▶ **Collection entries**:
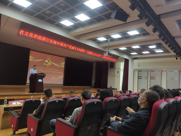 活动中,马云川馆长、赵春明厂长分别致辞,杨德聪副厅长宣布活动开幕。来自“百名红色讲解员讲百年党史”宣讲活动的云南陆军讲武堂历史博物馆讲解员张睿讲述了《朱德为革命保存火种》、大理白族自治州博物馆讲解员杨枫讲述了《中国革命先驱者 云南解放奠基人——献给中共云南省委第一任书记王德三》、迪庆州红军长征博物馆宣教部主任和晓燕讲述了《“兴盛番族”锦幛民族团结传佳话》。通过三位优秀讲解员的生动讲述,带领与会人员共同重温党的光辉历程,汲取砥砺奋进的磅礴力量,做到永远感党恩、听党话、跟党走,同时激励大家在实现中华民族伟大复兴中国梦的奋斗历程中,通过高质量的文化和旅游服务、一流的工作业绩不断增强人民群众的获得感、满足感和幸福感。
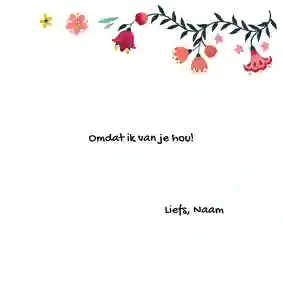 In onze galerij vind je verschillende bloemen kaarten zonder tekst. Een neutrale bloemen kaart is handig voor als je een specifieke boodschap wilt schrijven. Zoek de mooiste uit en verras je dierbare of bekende met een bloemetje van papier. In onze kaartmaker kun je trouwens ook heel makkelijk bestaande tekst weghalen, zo heb je alsnog een leuke bloemenkaart zonder tekst.
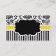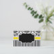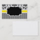 Carte de visite élégamment présenté ayant un arrière - plan damassé noir et blanc avec une bande jaune. Un étiquette au centre est disponible pour le texte.
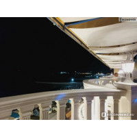 Кафе в два этажа, на первом этаже шумно, громко играет музыка ( также там и бывает живая музыка ), мы же пошли на второй этаж, там красивый вид на балконе, столики расположены прямо у балкона, конечно живописнее всего здесь ужинать на закате.. мы второй раз приходим поздним вечером, но все равно там довольно красиво к тоже же отличный, свежий, морской воздух...
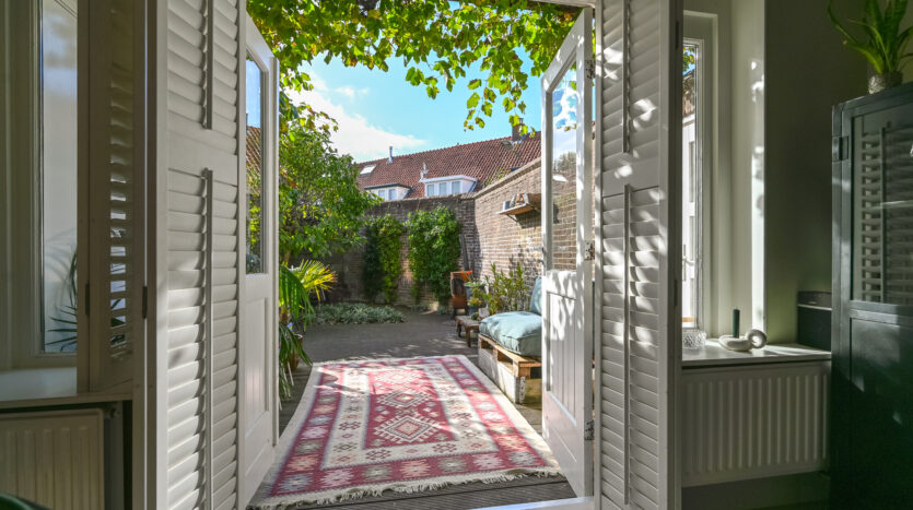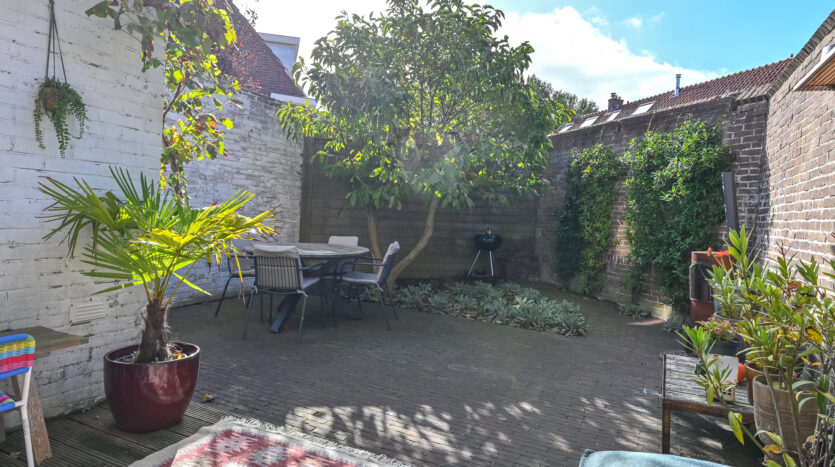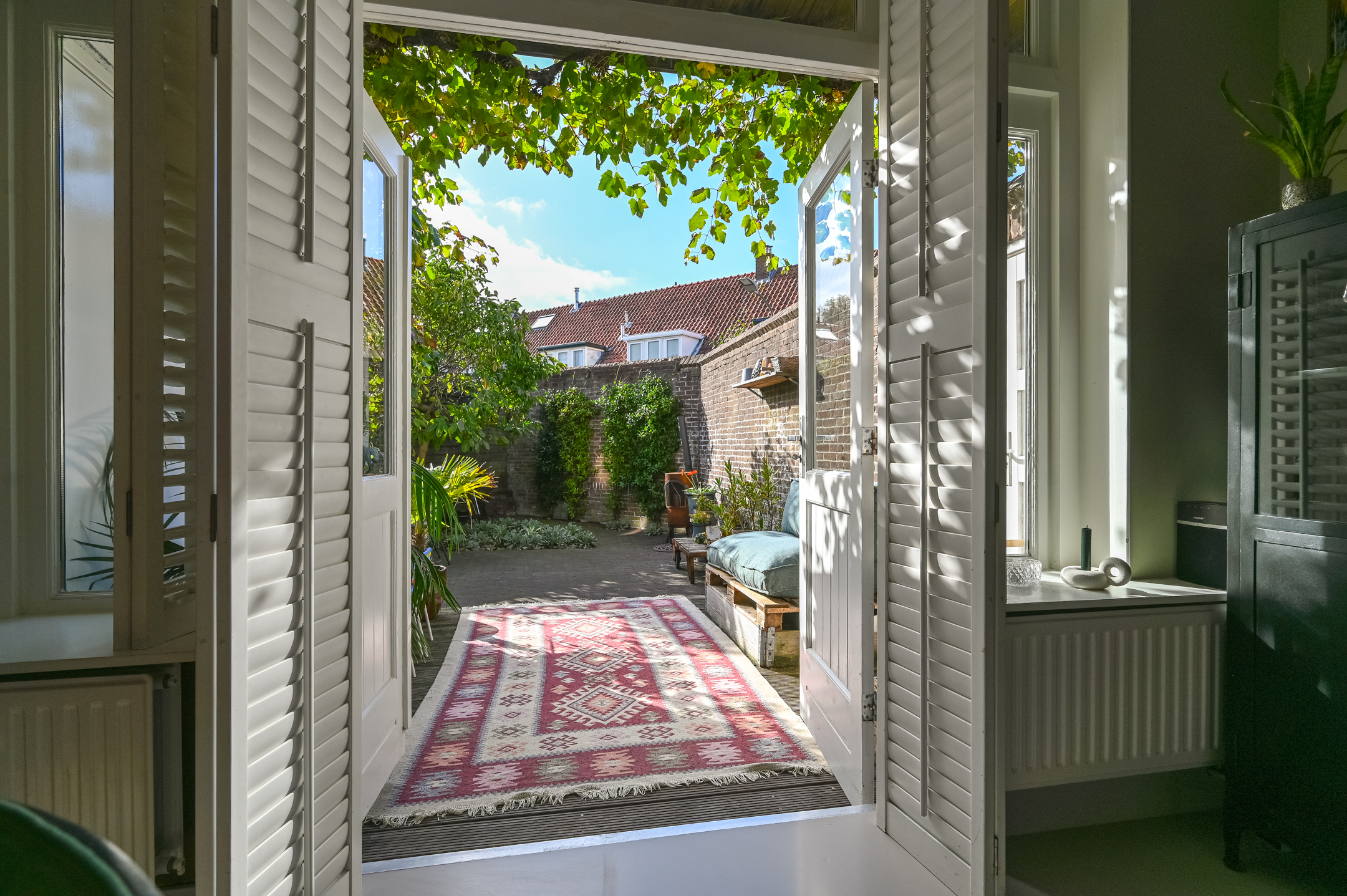 INDELING Begane grond: Toegang via de voortuin met fietsenstalling naar de entree/hal met meterkast en toilet met fonteintje. Ruime leefkeuken met groot kookeiland voorzien van Boretti gasfornuis, vaatwasser en afzuigkap. Onder de trap bevindt zich een praktische bergkast, en er is een aparte ruimte met aansluitingen voor wasmachine en droger. De bijkeuken/schuur is volledig geïsoleerd en eventueel later erbij te betrekken. Openslaande deuren leiden naar de gezellige stadstuin op het westen/zuidwesten, met veel privacy en een achterom.
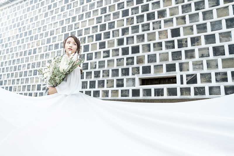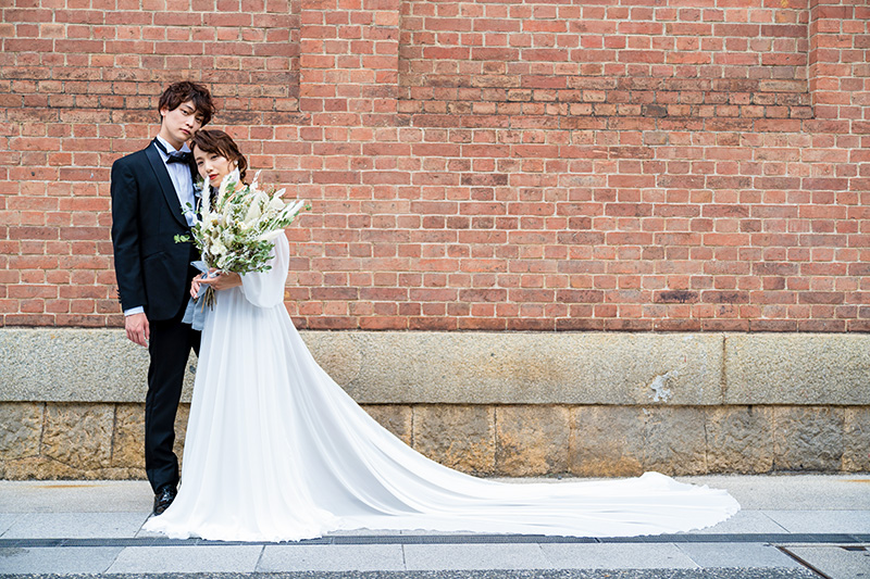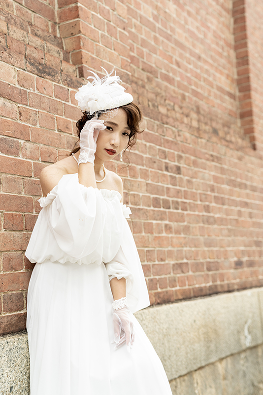 白いドレスは、赤レンガの壁にも よく映えて
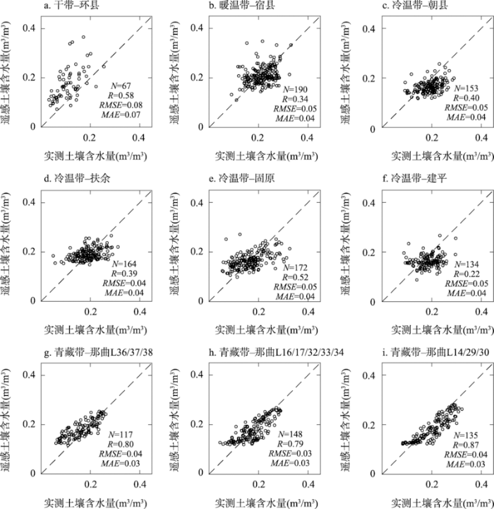 本文通过合并各气候带的站点资料建立全国尺度上的通用模型,有必要基于实测数据验证该通用模型在各气候带的反演效果。由于绝大部分站点在冬季严重缺测,因此仅考虑春季、夏季与秋季。将三个季节的验证结果求平均得到单个站点的验证结果,再对同一气候带内的全部站点求平均得到每个气候带的验证结果。通用模型在各气候带的反演效果总体较好,反演精度都随深度增加而降低。在0~40 cm范围内,通用模型的准确性表现为干带>暖温带>冷温带>青藏带,在0~100 cm范围内表现为干带>暖温带>冷温带(图5b)。
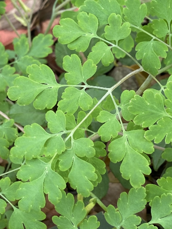 ![]() 上面照片:蟹老闆拍攝於淡水天元宮 (2~3回羽狀複葉,互生;小羽片3~5對,近對生;小葉卵形,圓齒緣至掌狀) |
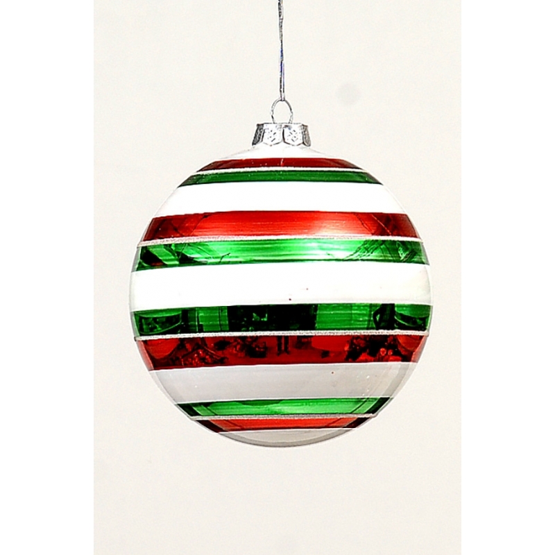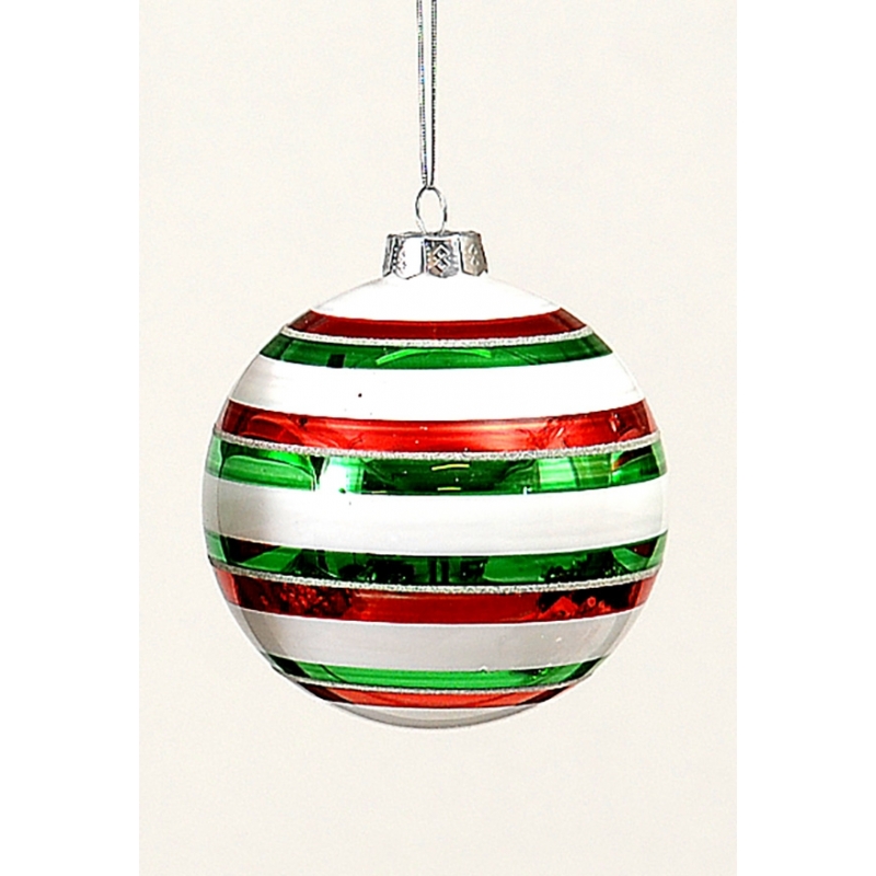 Boule de Noël - blanche avec rayures vertes et rouges 10 cm
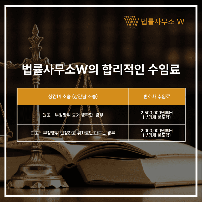 그래서 저희 법률사무소 W는 상간자 소송 수임료를
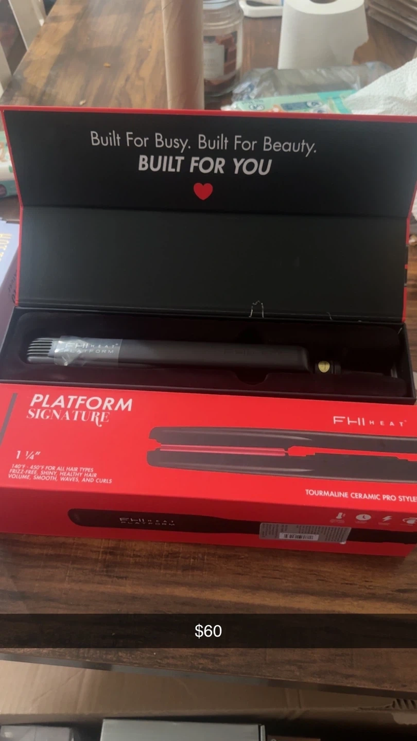FHI Heat Platform Signature flat iron. It's a 1 1/4" tourmaline ceramic pro style. Reaches 140-450°F for all hair types.
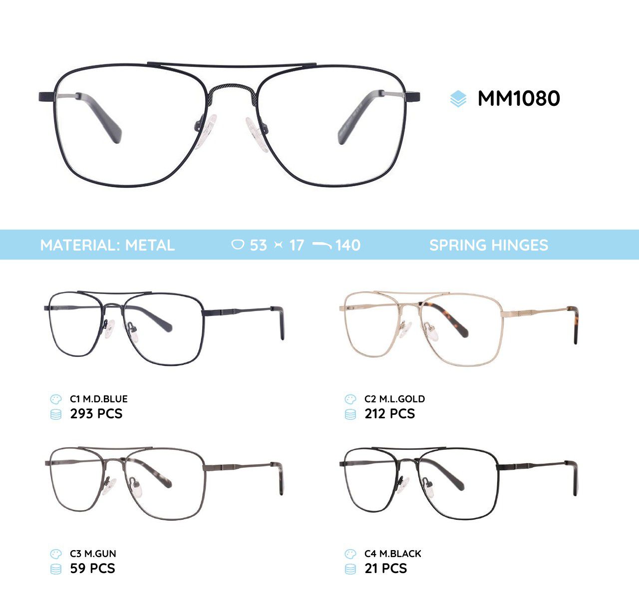 Metal frames for glasses. The material is stainless steel. The frames keep their shape well, at the same time they are flexible. High quality. Frames have good tactile properties and resistant to damage, they are lightweight and hypoallergenic. Many of models are decorated with rhinestones, have elegant temples and flex hinges. Fashionable design. This frames collection of high quality, passes piece control. In our store goods of this category have a low price for wholesale. European Conformity.
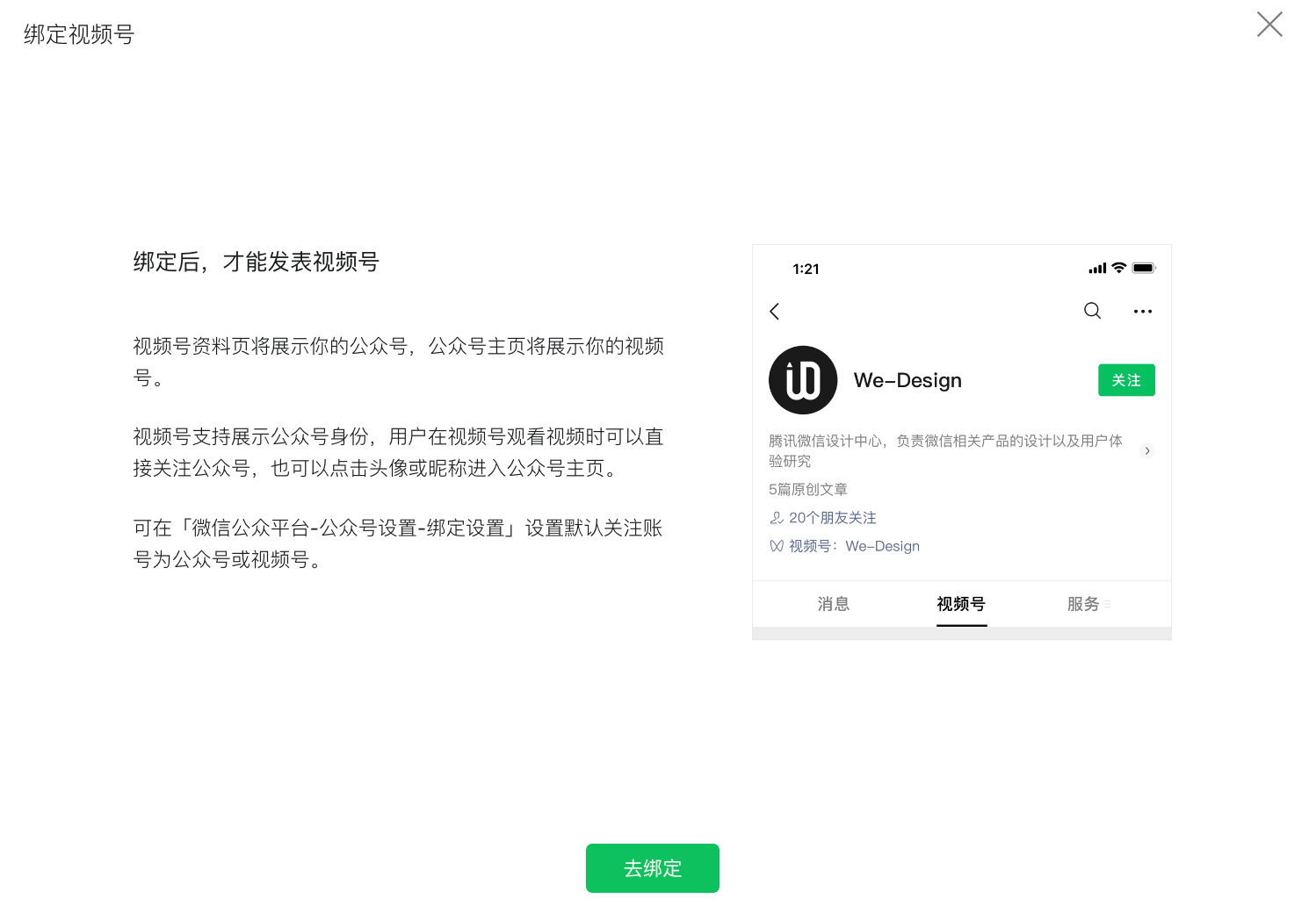 我在公众号后台操作公众号绑定视频号,但是发现无法选择用户关注视频号,还是公众号,这个功能找不到!

▶ **PROBLEM REQUIREMENTS**:
If a picture appears among the records, leave it out, and otherwise reproduce exactly every line from the first line through the one with "Carte de visite", both included.

▶ **SOLUTION BELOW**:
 活动中,马云川馆长、赵春明厂长分别致辞,杨德聪副厅长宣布活动开幕。来自“百名红色讲解员讲百年党史”宣讲活动的云南陆军讲武堂历史博物馆讲解员张睿讲述了《朱德为革命保存火种》、大理白族自治州博物馆讲解员杨枫讲述了《中国革命先驱者 云南解放奠基人——献给中共云南省委第一任书记王德三》、迪庆州红军长征博物馆宣教部主任和晓燕讲述了《“兴盛番族”锦幛民族团结传佳话》。通过三位优秀讲解员的生动讲述,带领与会人员共同重温党的光辉历程,汲取砥砺奋进的磅礴力量,做到永远感党恩、听党话、跟党走,同时激励大家在实现中华民族伟大复兴中国梦的奋斗历程中,通过高质量的文化和旅游服务、一流的工作业绩不断增强人民群众的获得感、满足感和幸福感。
 In onze galerij vind je verschillende bloemen kaarten zonder tekst. Een neutrale bloemen kaart is handig voor als je een specifieke boodschap wilt schrijven. Zoek de mooiste uit en verras je dierbare of bekende met een bloemetje van papier. In onze kaartmaker kun je trouwens ook heel makkelijk bestaande tekst weghalen, zo heb je alsnog een leuke bloemenkaart zonder tekst.
 Carte de visite élégamment présenté ayant un arrière - plan damassé noir et blanc avec une bande jaune. Un étiquette au centre est disponible pour le texte.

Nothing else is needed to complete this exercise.